De notre partenaire L’Economiste

Bab Al Had, à Rabat. Le passage est emprunté par les piétons, les voitures… A 14h30, ce lundi, il fait chaud et les passants sont rares. Les écrivains publics sont déjà là devant leurs machines à écrire. Ils attendent le client. Quatre d’entre eux ont placé leurs tables à l’ombre contre le mur. Huit autres sont en plein soleil, protégés par leurs parasols. « J’exerce ce métier depuis une dizaine d’années. Je suis assistant. » Le teint basané, une cicatrice à la joue droite, Hamid porte un jogging bleu et des baskets.

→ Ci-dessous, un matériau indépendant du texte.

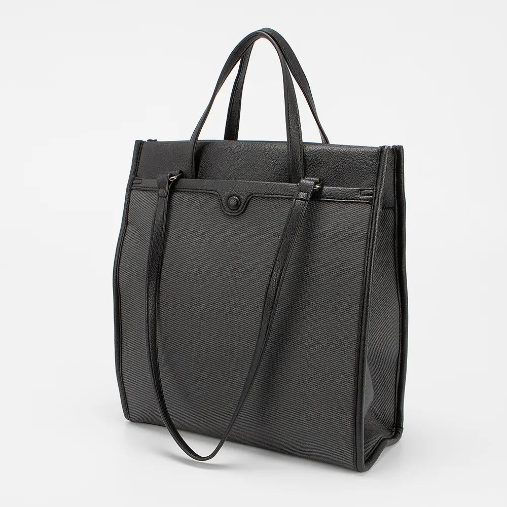 Сумка от торговой марки David Jones из искусственной кожи черного цвета. Модель вертикальной ориентации с двумя короткими и двумя удлиненными ручками. Отделение на молнии. Внутри: карман на молнии и накладной карман с хлястиком на кнопке. На лицевой и задней сторонах – вместительный накладной карман на магнитной кнопке. Дно оснащено металлическими ножками для защиты от износа.
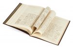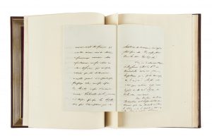 avec jeu de filets dorés en encadrement, gardes de soie moirée bordeaux, étui bordé (G. Mercier Sr de son père - 1929). — 52 p. sur 28 ff. in-12 et in-4 montés sur onglets.
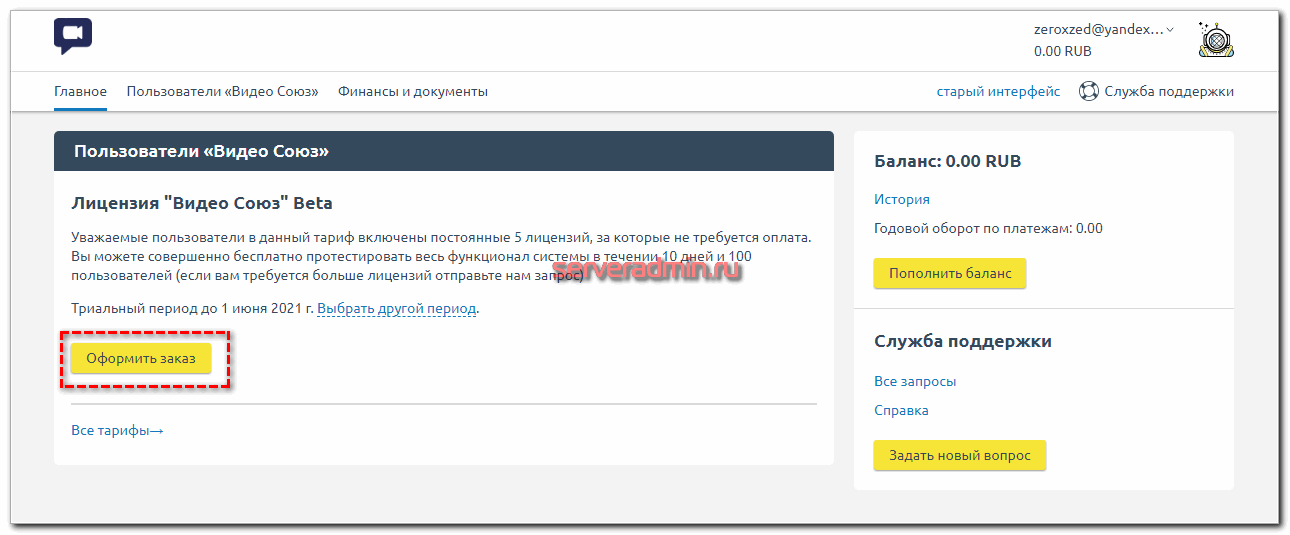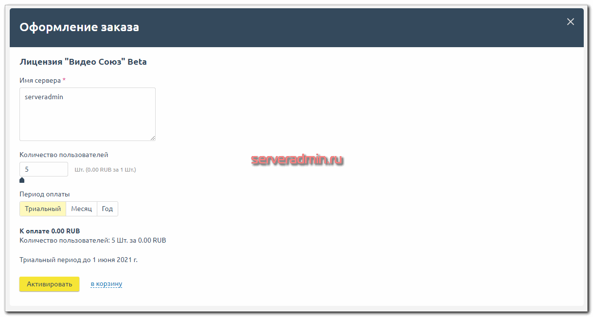 После регистрации в личном кабинете, нажмите Оформить заказ и заполните обязательные поля. Нетарифицируемыми (бесплатными) являются 5 пользователей. Каждый последующий будет стоить 50 р. в месяц.

Il parle en fixant un point imaginaire et explique : « J’écris dans trois langues : le français, l’anglais et l’arabe. J’ai un baccalauréat ». La trentaine, Hamid est confortablement installé dans un fauteuil rouge recouvert par un plastique bleu. Sur une table qui a connu des jours meilleurs, sont disposées deux machines à écrire, un verre de thé sous un papier et un pinceau rouge. Dans le tiroir entrouvert, cinq enveloppes jaunes et du papier attendent d’être utilisés. « Ces machines, je me les suis débrouillées chez un ami. Il les a eues en contrepartie de travaux menés pour le compte d’un avocat. »

De pères en fils

Un nuage de poussière envahit la place. Il provient des travaux d’entretien de la célèbre muraille: « On en a plein les yeux et la bouche de cette poussière. Nous avons beau protester, c’est sans résultat ». Hamid met une petite radio en marche et baisse la tête pour rouler une cigarette. Il confie un peu hésitant : « Je partage mes gains avec le détenteur de l’autorisation, qui s’hérite. Les premières autorisations ont été délivrées du temps de Moulay El Hassan Al Awal ». Il explique qu’au départ, la place était réservée aux « talbas », ceux qui connaissent le coran par cœur. Les plus lettrés d’entre eux se sont convertis par la suite au métier d’écrivain public.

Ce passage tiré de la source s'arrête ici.